The solar cycle is believed to be attributed to the large-scale dynamo process (the periodic conversion between the poloidal and toroidal magnetic fields mediated by the convective flow; Karak et al. 2014; Charbonneau 2020). The locations of the sunspots represent the distributions of the subsurface toroidal fields. The first attempt to explain the butterfly diagram in the framework of the dynamo theory is from Parker (1955), who suggests that an equatorward dynamo wave of the toroidal field is responsible for the equatorward migration of the sunspots. Based on the Parker–Yoshimura rule (Parker 1955; Yoshimura 1975), an equatorward propagation of the dynamo wave requires the rotation rate to increase with the depth for the positive α-effect in the northern hemisphere, which is expected for the α-effect in the bulk of the convection zone (CZ) due to cyclonic turbulence or the α-effect near the surface due to the Babco*ck–Leighton (BL) mechanism.

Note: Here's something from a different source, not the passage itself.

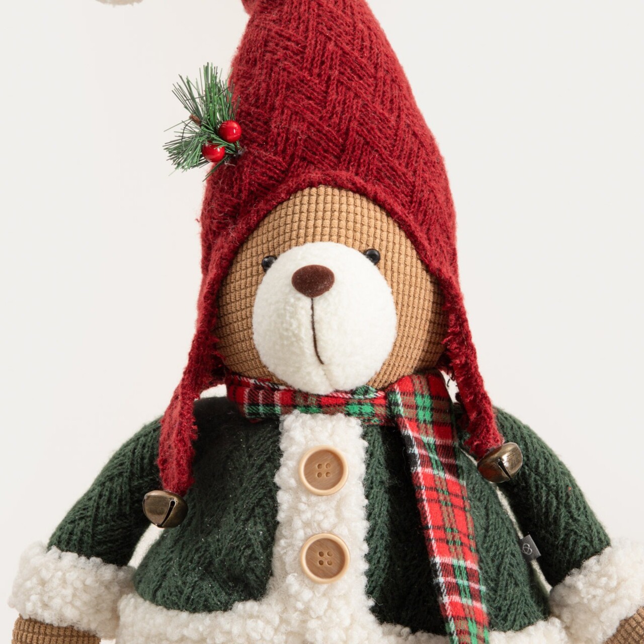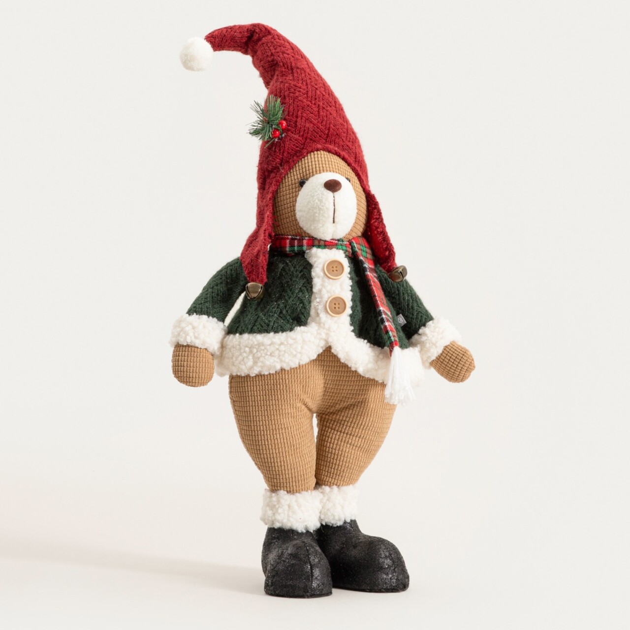Materialele de cea mai inalta calitate fac ca figurina sa arate ca si cum ar fi aparut direct dintr-un basm de Craciun. Caciula are un model tricotat, iar jacheta si pantalonii ursuletului de plus sunt finisate cu piele de oaie sintetica. Decoratiunea nu este o jucarie si nu este destinata copiilor.

Meanwhile, helioseismology finds that the differential rotation rate in the overshoot layer, where the toroidal field is believed to be created and amplified (Spiegel & Weiss 1980; Van Ballegooijen 1982; Choudhuri 1990), decreases with the depth at the latitudes of solar activity belts. Thus it brings into question the role of the dynamo wave played in the generation of the butterfly diagram.

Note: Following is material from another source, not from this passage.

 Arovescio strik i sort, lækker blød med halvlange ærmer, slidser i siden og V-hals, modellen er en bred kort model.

The meridional flow provides another possibility responsible for the butterfly diagram. A poleward flow at the solar surface was found, implying an equatorward return flow within the Sun according to the conservation of mass. The single-cell meridional flow with an equatorward flow at the base of the CZ is widely assumed. Flux transport dynamo (FTD) models characterized by the key role played by such meridional flow (Wang et al. 1991; Durney 1995; Dikpati & Charbonneau 1999; Chatterjee et al. 2004) successfully reproduce not only the butterfly diagram, but also other basic features of the solar cycle. Most FTD models incorporate the BL source term, whose α-effect is positive in the northern hemisphere based on observations. So the dynamo wave in such models is poleward at low latitudes. The return flow at the base of the CZ could overwhelm the poleward dynamo wave to generate the butterfly diagram (Choudhuri et al. 1995).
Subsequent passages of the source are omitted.